**WORK REQUEST:** Beginning with the line containing "Chậu lavabo đặt bàn TOTO LT523R Hình Tròn" and ending with the line containing "专家、学校教务部领导和球盟会 领导给医学教育发展中心成立仪式揭牌", write out each line of the records below exactly; pictures and lines outside that range are left out.

**DATA SUPPLIED:**
□ □ □

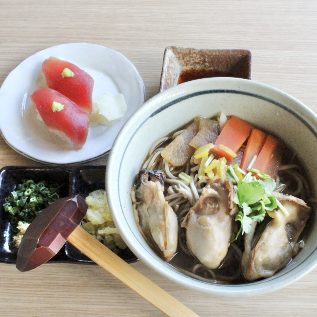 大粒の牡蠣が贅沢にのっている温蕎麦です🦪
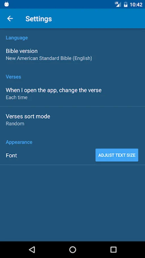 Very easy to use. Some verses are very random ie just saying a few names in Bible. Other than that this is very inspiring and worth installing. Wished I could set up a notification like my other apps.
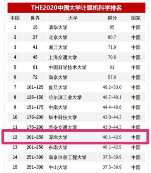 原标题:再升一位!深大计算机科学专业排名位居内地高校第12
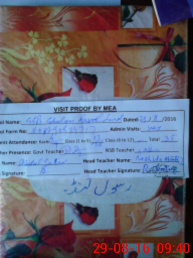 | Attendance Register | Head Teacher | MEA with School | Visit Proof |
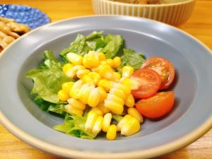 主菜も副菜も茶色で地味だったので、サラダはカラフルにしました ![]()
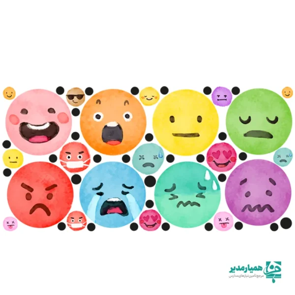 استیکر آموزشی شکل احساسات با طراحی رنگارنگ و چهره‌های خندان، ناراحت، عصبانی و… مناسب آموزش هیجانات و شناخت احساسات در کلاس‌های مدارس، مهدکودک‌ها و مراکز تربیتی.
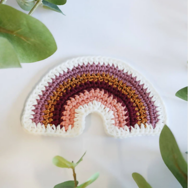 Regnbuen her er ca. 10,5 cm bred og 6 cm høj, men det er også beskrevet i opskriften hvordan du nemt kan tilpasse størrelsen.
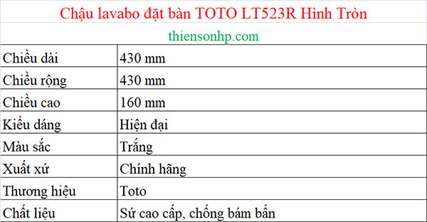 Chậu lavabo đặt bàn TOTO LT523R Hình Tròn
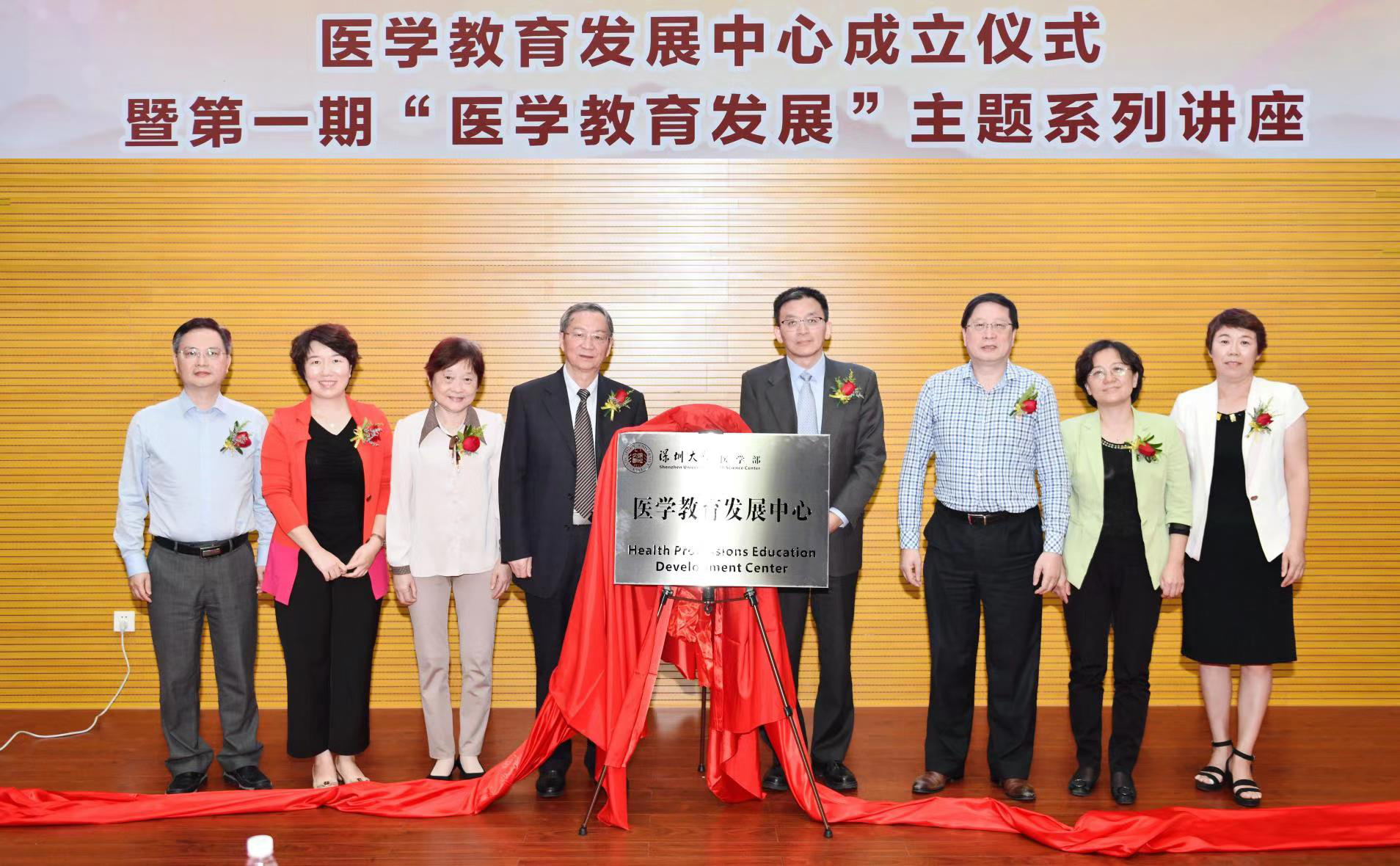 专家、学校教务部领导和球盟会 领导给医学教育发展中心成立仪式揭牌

□ □ □

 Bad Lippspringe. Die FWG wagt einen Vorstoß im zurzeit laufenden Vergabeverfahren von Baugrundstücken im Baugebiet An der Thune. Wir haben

□ □ □

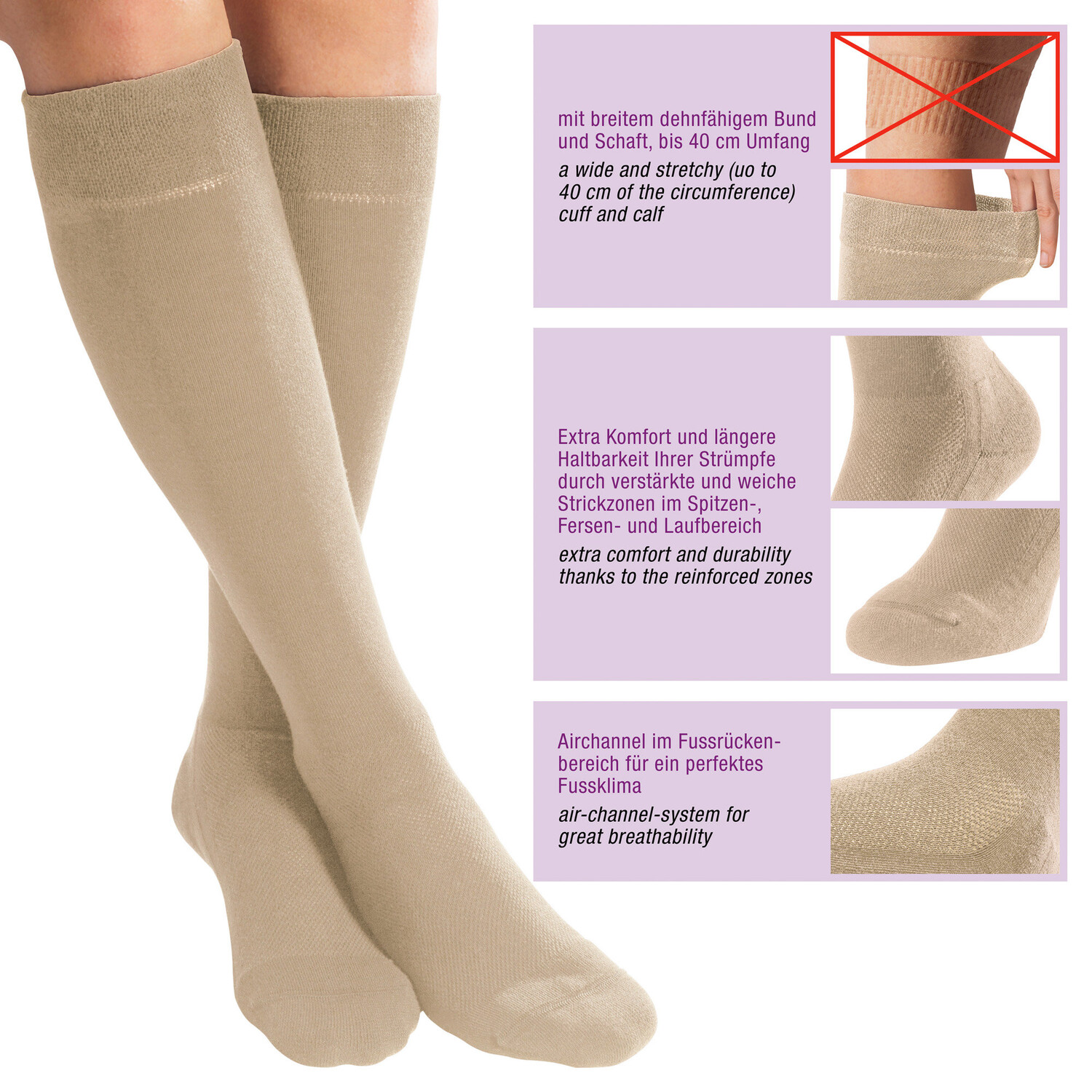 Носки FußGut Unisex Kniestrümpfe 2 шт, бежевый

□ □ □

**THE ANSWER:**
 Chậu lavabo đặt bàn TOTO LT523R Hình Tròn
 专家、学校教务部领导和球盟会 领导给医学教育发展中心成立仪式揭牌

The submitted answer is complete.